Different landscapes, different temperature risks
Bangladesh is not uniform in its climate. The researchers focused on three contrasting regions: the dry Barind uplands, the humid Coastal belt by the sea, and the low-lying wetland basin known as the Haor. Using weather records from 1970 to 2025, they examined daily maximum and minimum temperatures along with rainfall, humidity, and sunshine during the Boro season. They found that Barind has the widest range of temperatures, with very hot days and cold nights, while the Coastal region is warmer on average but more stable. Haor stays somewhat cooler but faces stronger risks from cold spells in winter.

Teaching computers to read the weather
To turn this long history of weather data into useful forecasts, the team used a suite of machine learning methods. These are computer programs that learn patterns from data rather than following fixed equations.

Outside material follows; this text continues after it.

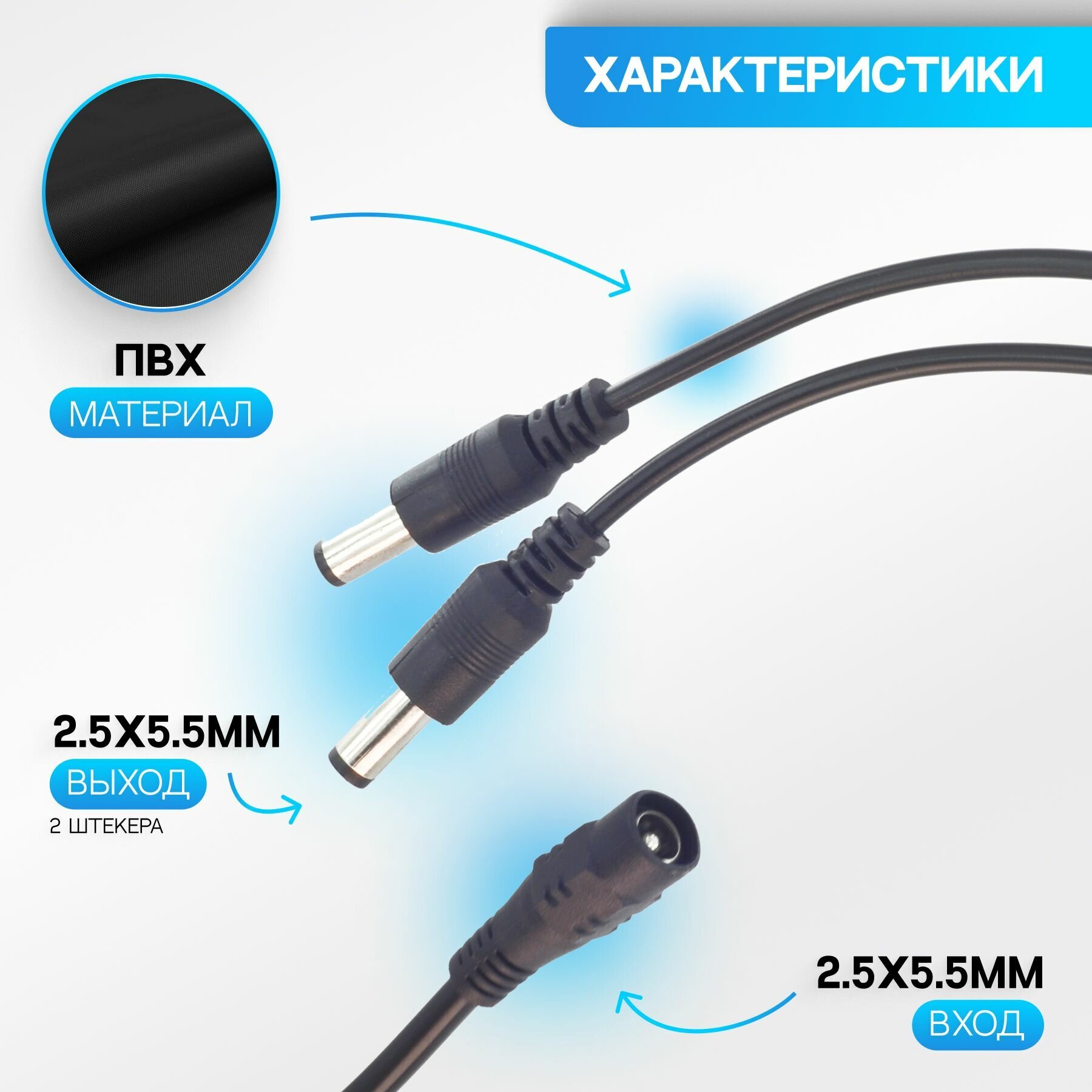 Разветвитель питания оснащен двумя выходными штекерами DC (2.5x5.5 мм), что позволяет подключить две камеры видеонаблюдения одновременно.Прочный и надежный материал

The models took in many clues at once, such as recent temperatures, rainfall, humidity, sunshine, and even how warm or cool previous years had been at the same time. The data were carefully cleaned to remove errors and fill small gaps so that the programs would not be misled by missing or unrealistic numbers.
Which models gave the sharpest forecasts
The researchers compared a wide range of models, from simpler approaches like linear regression and decision trees to more advanced "ensemble" methods that combine many small models into a stronger one, as well as deep learning methods inspired by brain networks. They judged performance using several measures of forecast error. Across most tests, an ensemble method called CatBoost gave the most accurate predictions for both daytime highs and nighttime lows in the Barind and Haor regions. In the Coastal region, another method known as support vector machines did best. Simpler models tended to make larger errors, while the strongest methods performed at similar, reliably low error levels.

Mapping districts at greatest temperature risk
Good forecasts matter most where the risks are highest. The team used spatial analysis to see how extreme heat and cold are clustered across districts. In Barind, districts such as Rajshahi, Natore, and Pabna often reach very high Boro-season temperatures, while others like Dinajpur and Rangpur can fall into very severe cold categories. Coastal districts are widely exposed to strong heat, and Haor districts show a mix of severe heat and extreme cold. By combining these maps with the machine learning forecasts, the study points to where farmers and local officials should focus adaptation plans, such as adjusting sowing dates, improving irrigation, or choosing more tolerant rice varieties.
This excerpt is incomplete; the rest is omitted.